● Dataset excerpt:
# # #
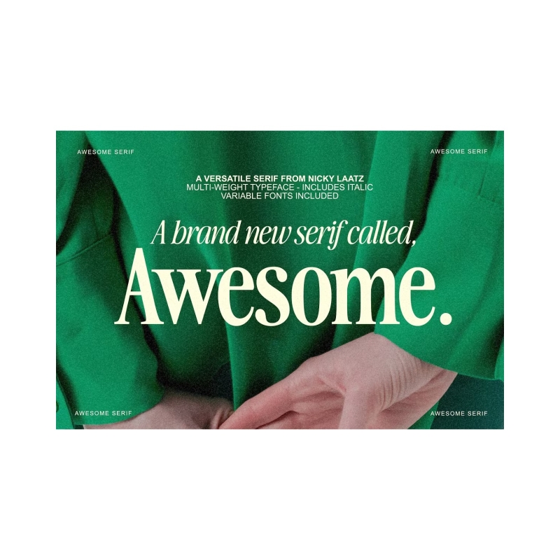 قل مرحبا لرائع Serif :) عائلة حالمة متعددة الوزن ومتعددة الارتفاعات - في كل من الأنماط العادية والمائلة - 30 خطا في المجموع. يتم تضمين خطين متغيرين مفيدين إذا كان لديك برنامج يمكنه قراءة الخطوط المتغيرة.
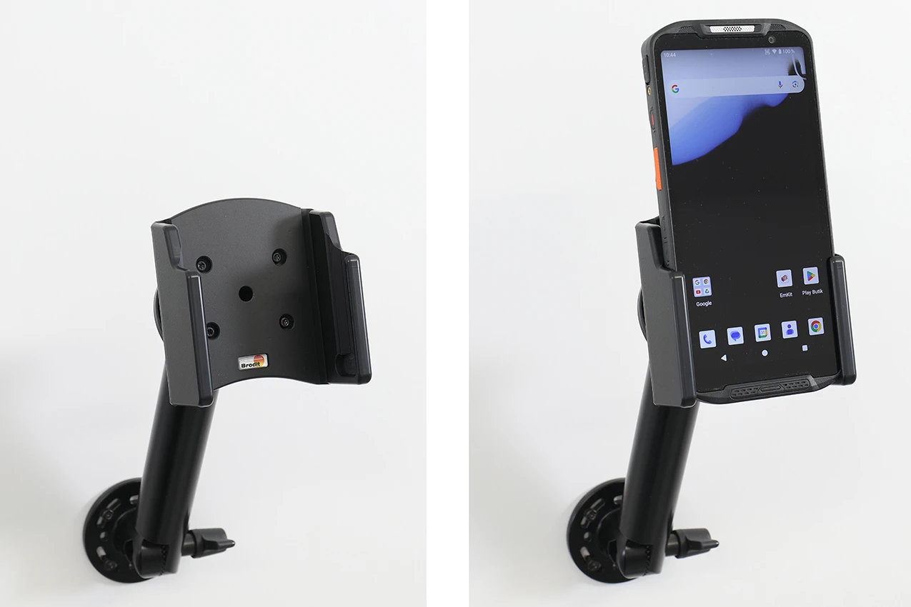 The holder is equipped with a tilt swivel so you can easily adjust the angle for better viewing, or switch between portrait and landscape mode. Tilts 17° and swivels 360°. Mounting plate 42x50 mm with 4 mm AMPS-holes. Made of high grade black ABS/Acetal plastic. Color: black. Made in Sweden. Attach onto a ProClip Mounting Platform or a Pedestal Mount.
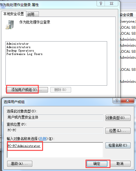 3.点击左下角的window图标,搜素【本地安全策略】,找到【安全设置】-【本地策略】-【用户权限分配】-作为批处理作业登录。
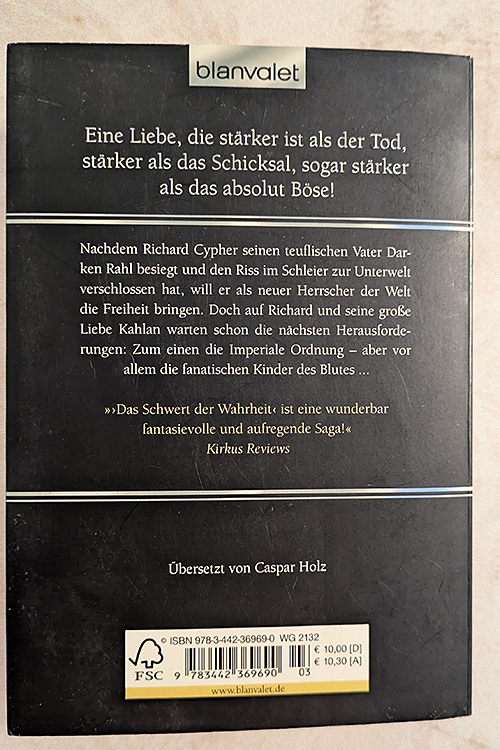 Ein atemberaubendes Epos über Verrat und Ehre, Rache und Liebe! Nachdem Richard Cypher seinen teuflischen Stiefvater Darken Rahl besiegt und den Riss im Schleier zur Unterwelt verschlossen hat, will er als neuer Herrscher der Welt die Freiheit bringen. Doch auf Richard und seine grosse Liebe Kahlan warten schon die nächsten Herausforderungen: Zum einen die Imperiale Ordnung - aber vor allem die fanatischen Kinder des Blutes.
# # #
● Brief: Keep pictures out and return the lines from the one containing "3.点击左下角的window" through the end of the listing, both included, character for character.

● Exercise answer:
 3.点击左下角的window图标,搜素【本地安全策略】,找到【安全设置】-【本地策略】-【用户权限分配】-作为批处理作业登录。
 Ein atemberaubendes Epos über Verrat und Ehre, Rache und Liebe! Nachdem Richard Cypher seinen teuflischen Stiefvater Darken Rahl besiegt und den Riss im Schleier zur Unterwelt verschlossen hat, will er als neuer Herrscher der Welt die Freiheit bringen. Doch auf Richard und seine grosse Liebe Kahlan warten schon die nächsten Herausforderungen: Zum einen die Imperiale Ordnung - aber vor allem die fanatischen Kinder des Blutes.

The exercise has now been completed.